Content starts
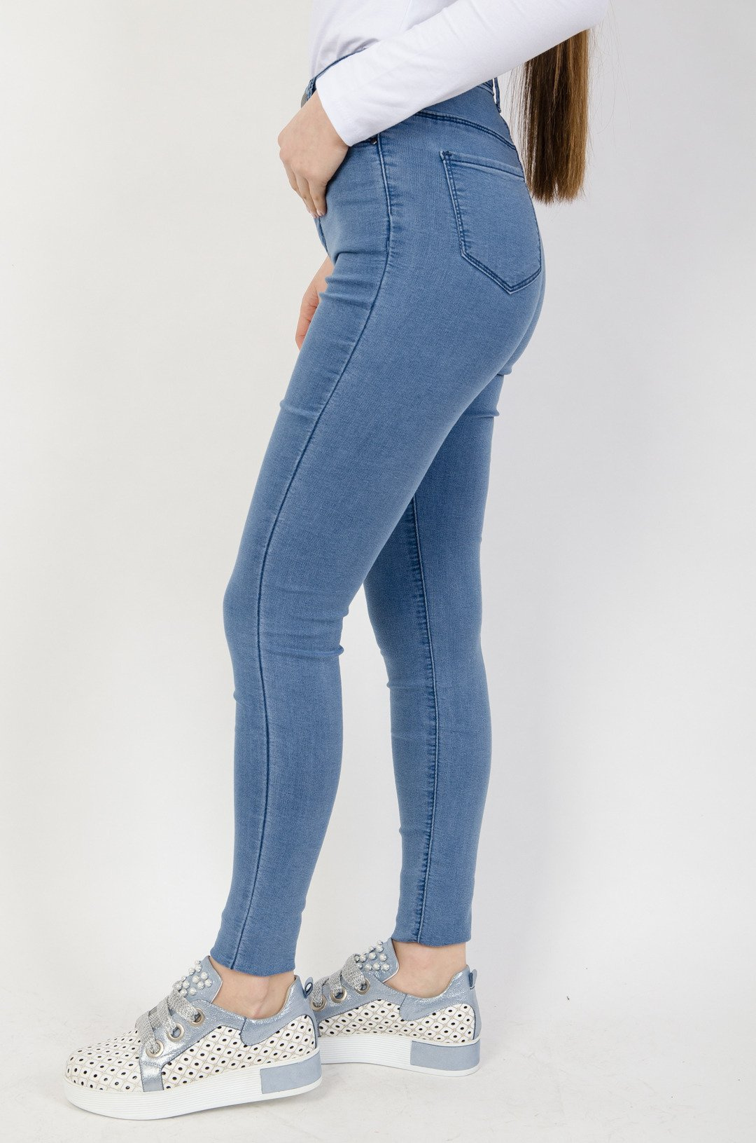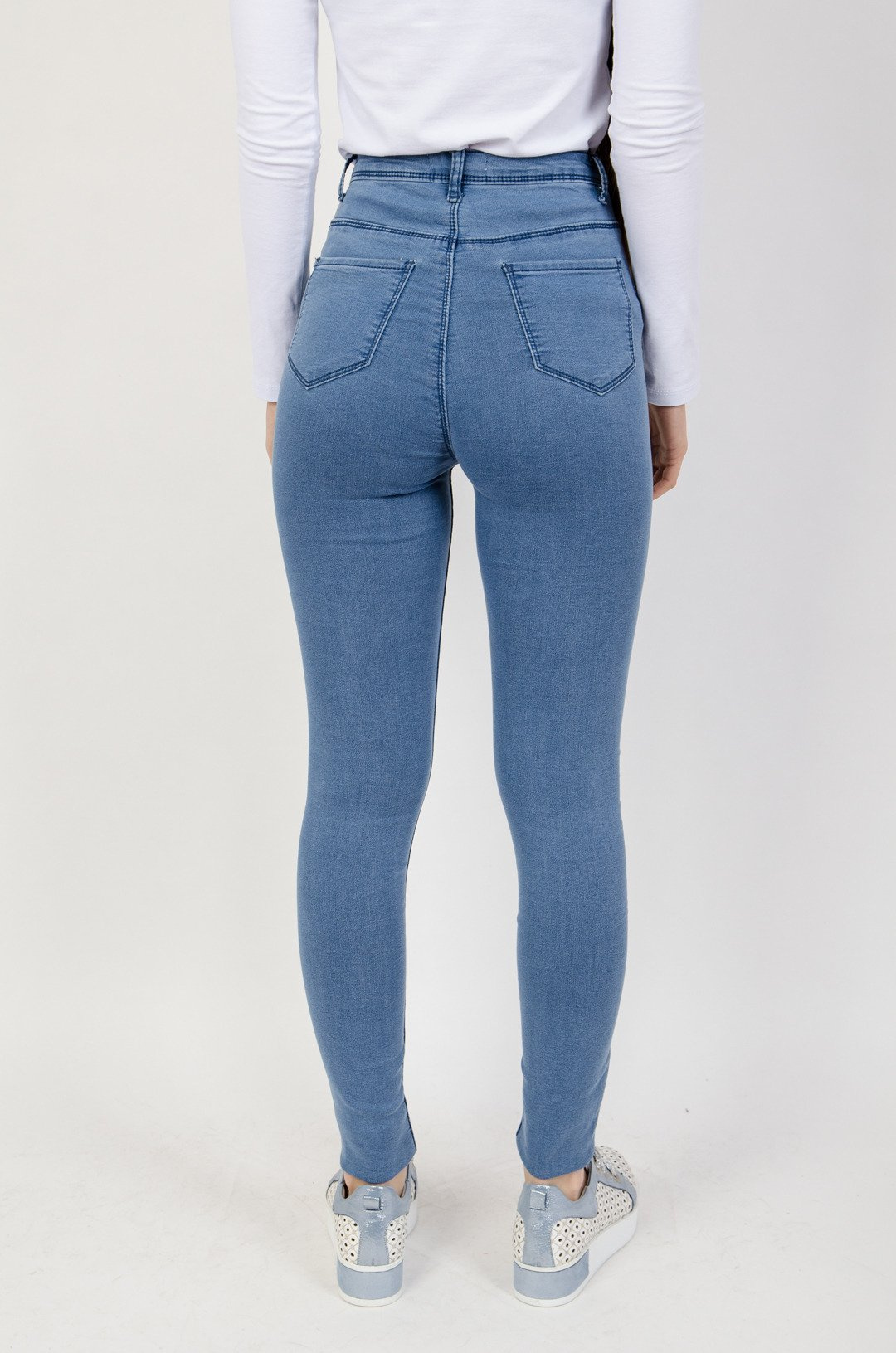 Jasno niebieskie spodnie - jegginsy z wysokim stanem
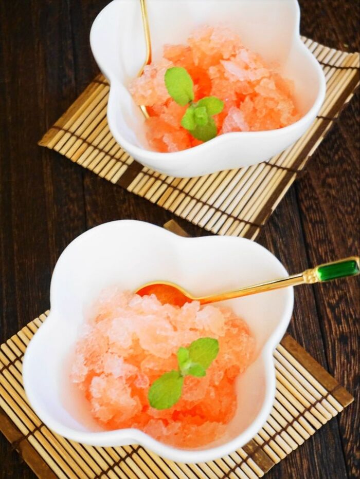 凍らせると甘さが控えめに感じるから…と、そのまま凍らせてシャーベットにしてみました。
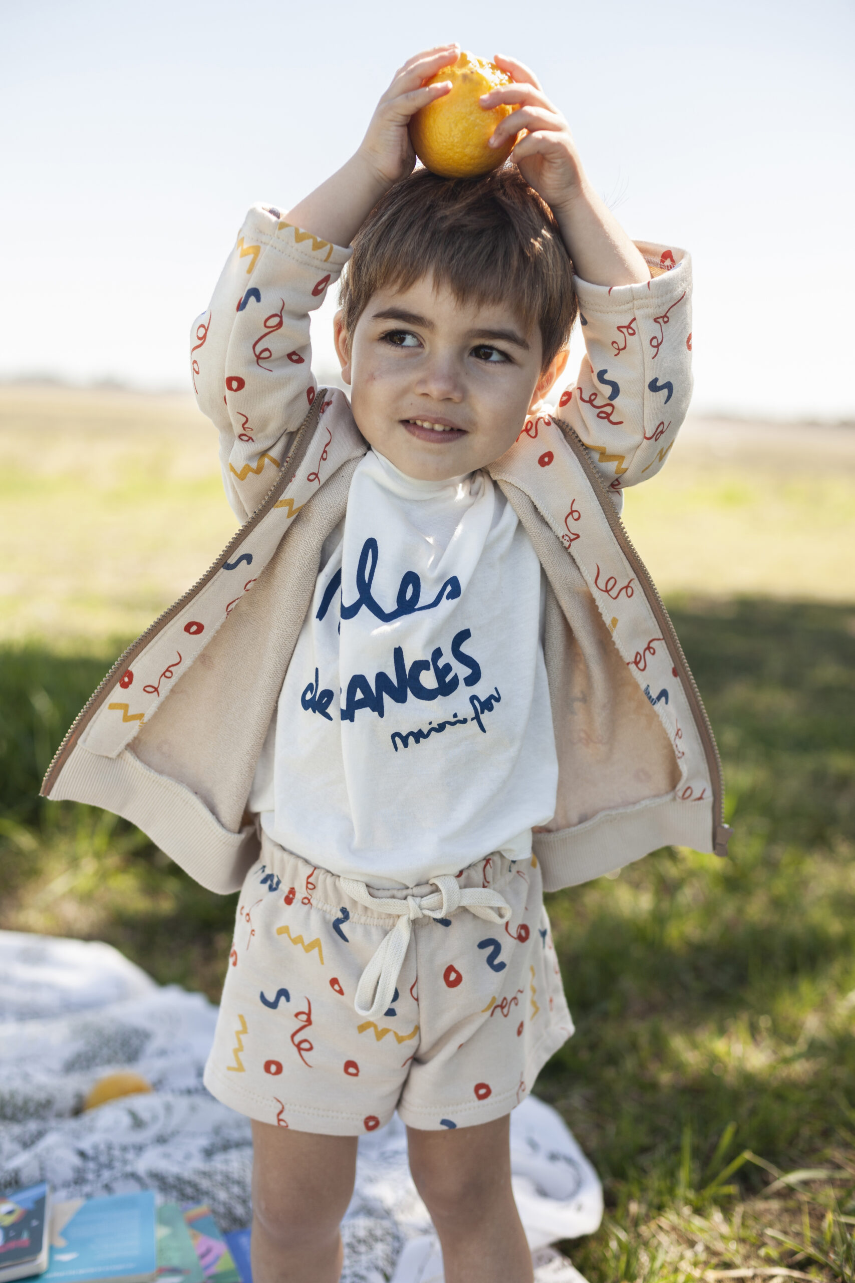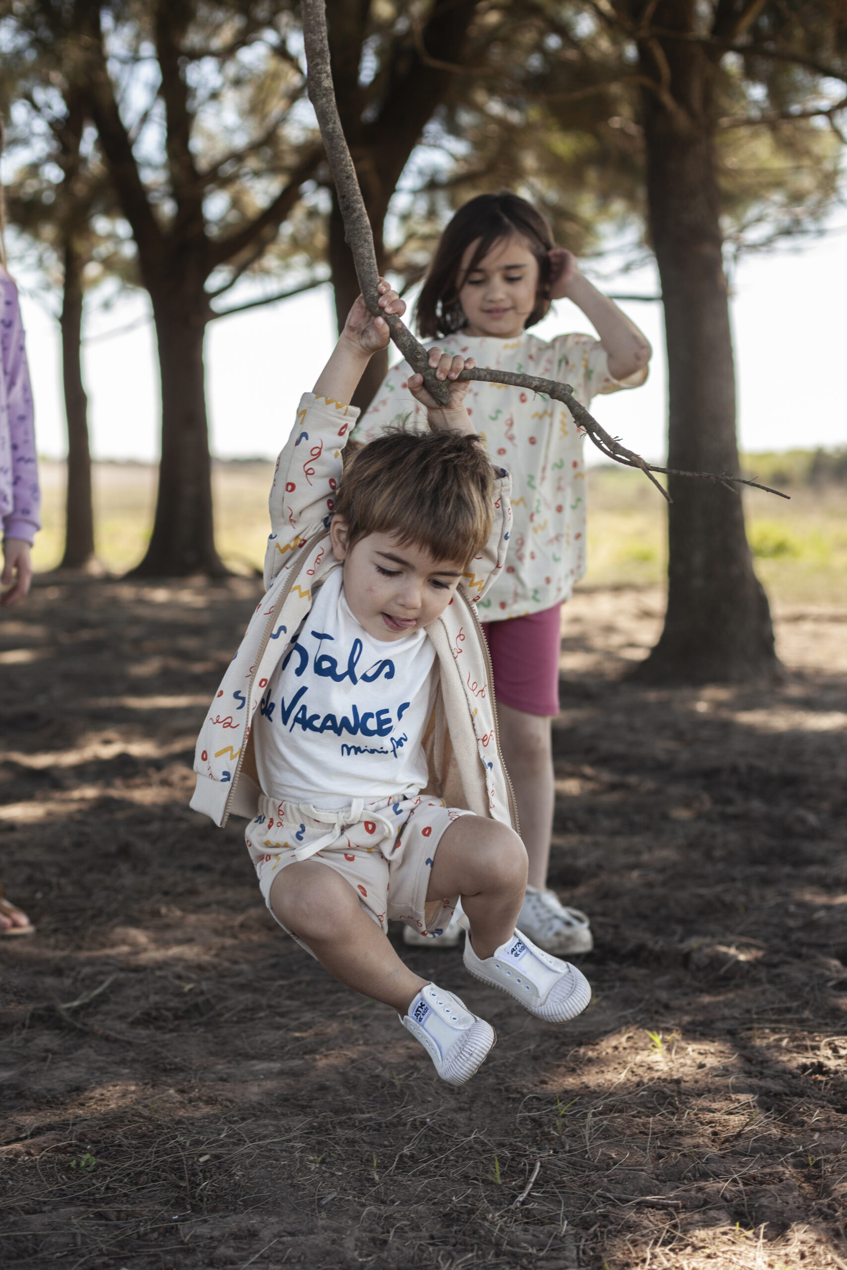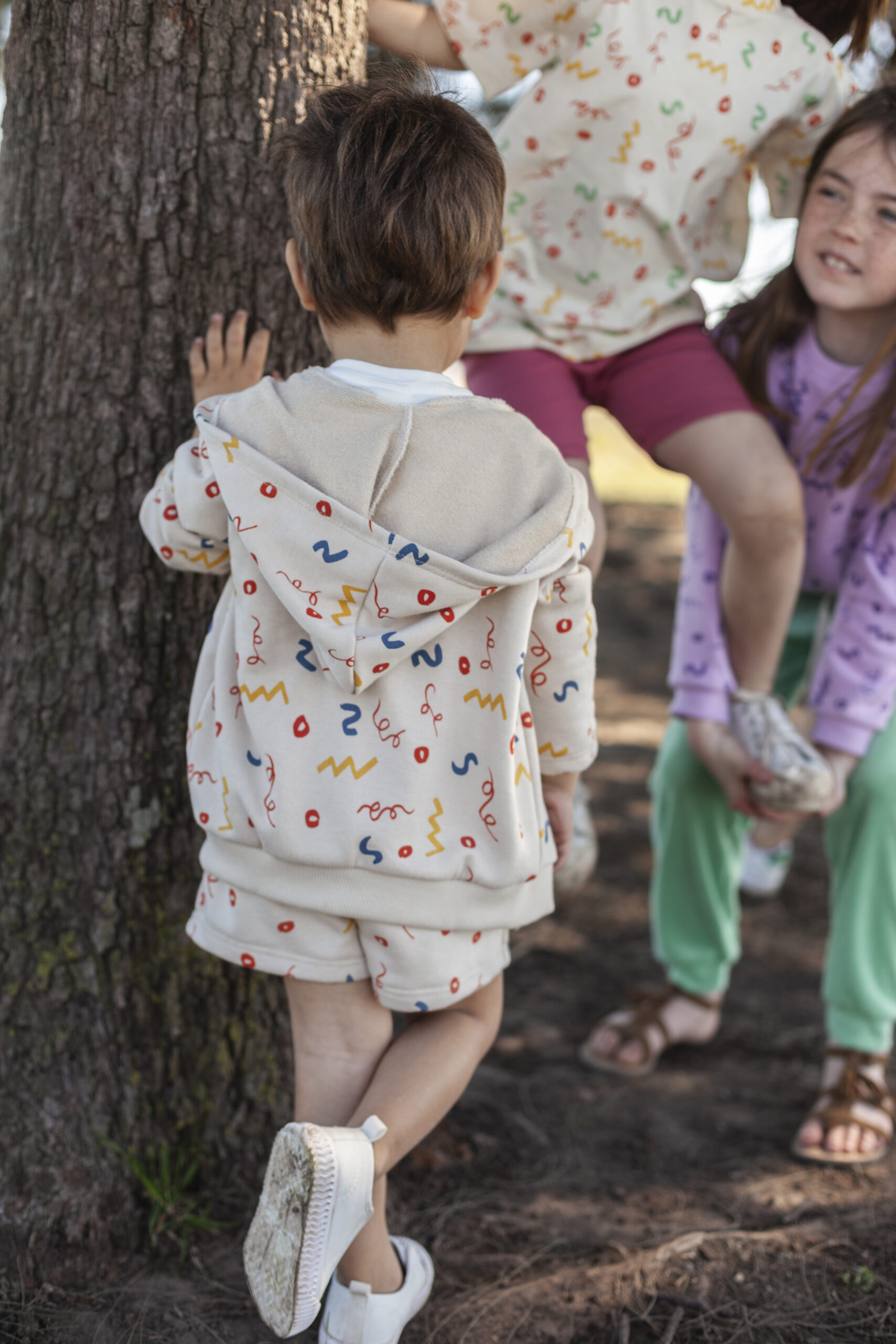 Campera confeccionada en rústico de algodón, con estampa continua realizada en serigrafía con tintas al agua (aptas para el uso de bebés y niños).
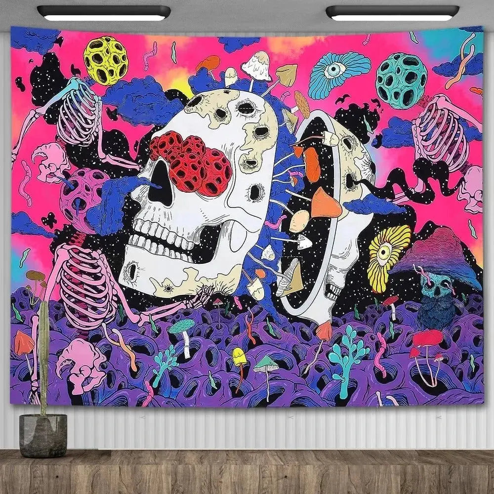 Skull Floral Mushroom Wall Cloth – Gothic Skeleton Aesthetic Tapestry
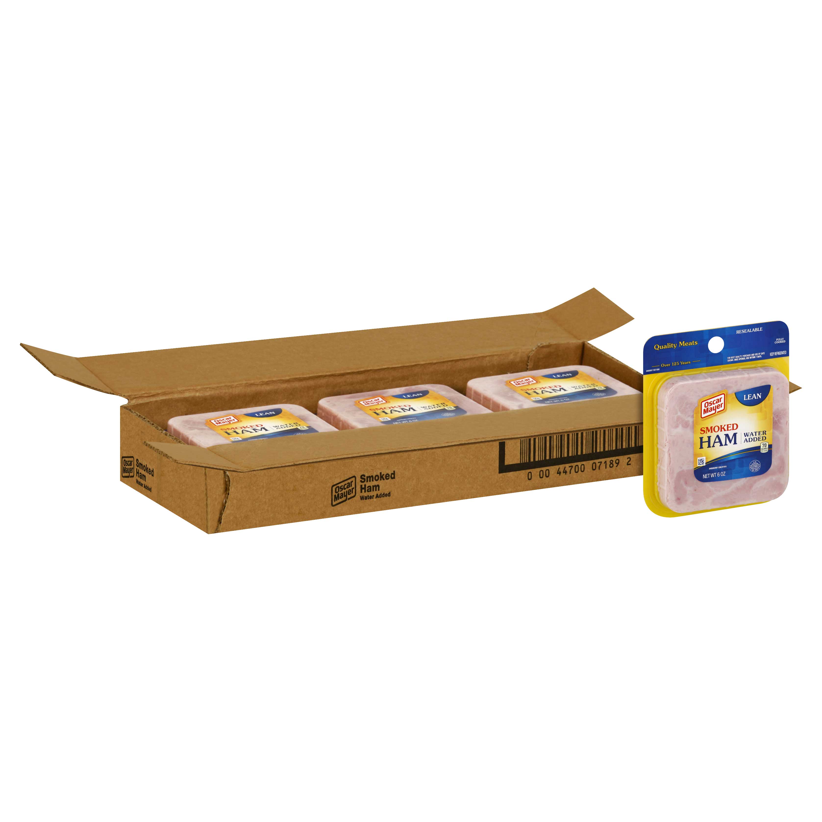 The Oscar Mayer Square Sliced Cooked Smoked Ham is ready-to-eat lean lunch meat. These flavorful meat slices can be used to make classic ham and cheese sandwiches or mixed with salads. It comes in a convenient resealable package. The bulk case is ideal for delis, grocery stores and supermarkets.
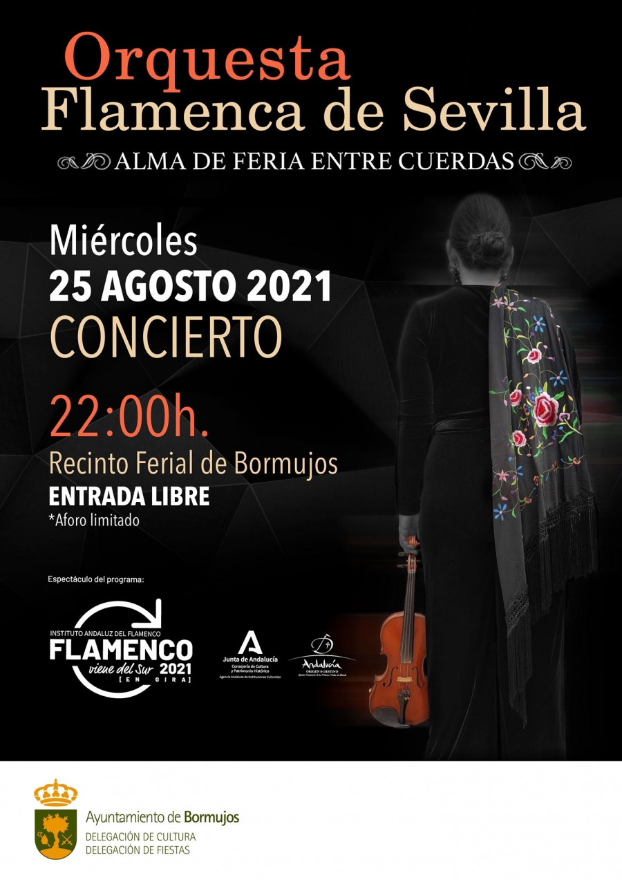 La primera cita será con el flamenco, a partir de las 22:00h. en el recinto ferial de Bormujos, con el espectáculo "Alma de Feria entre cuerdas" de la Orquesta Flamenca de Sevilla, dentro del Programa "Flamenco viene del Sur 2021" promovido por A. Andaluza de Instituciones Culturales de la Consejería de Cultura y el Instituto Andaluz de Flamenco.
Content ends
◆ TASK ITEM ◆
Up to and including the line containing "The Oscar Mayer", quote each line of the entries above from the very first, please, exactly and without images.

◆ SOLVED EXERCISE ◆
 Jasno niebieskie spodnie - jegginsy z wysokim stanem
 凍らせると甘さが控えめに感じるから…と、そのまま凍らせてシャーベットにしてみました。
 Campera confeccionada en rústico de algodón, con estampa continua realizada en serigrafía con tintas al agua (aptas para el uso de bebés y niños).
 Skull Floral Mushroom Wall Cloth – Gothic Skeleton Aesthetic Tapestry
 The Oscar Mayer Square Sliced Cooked Smoked Ham is ready-to-eat lean lunch meat. These flavorful meat slices can be used to make classic ham and cheese sandwiches or mixed with salads. It comes in a convenient resealable package. The bulk case is ideal for delis, grocery stores and supermarkets.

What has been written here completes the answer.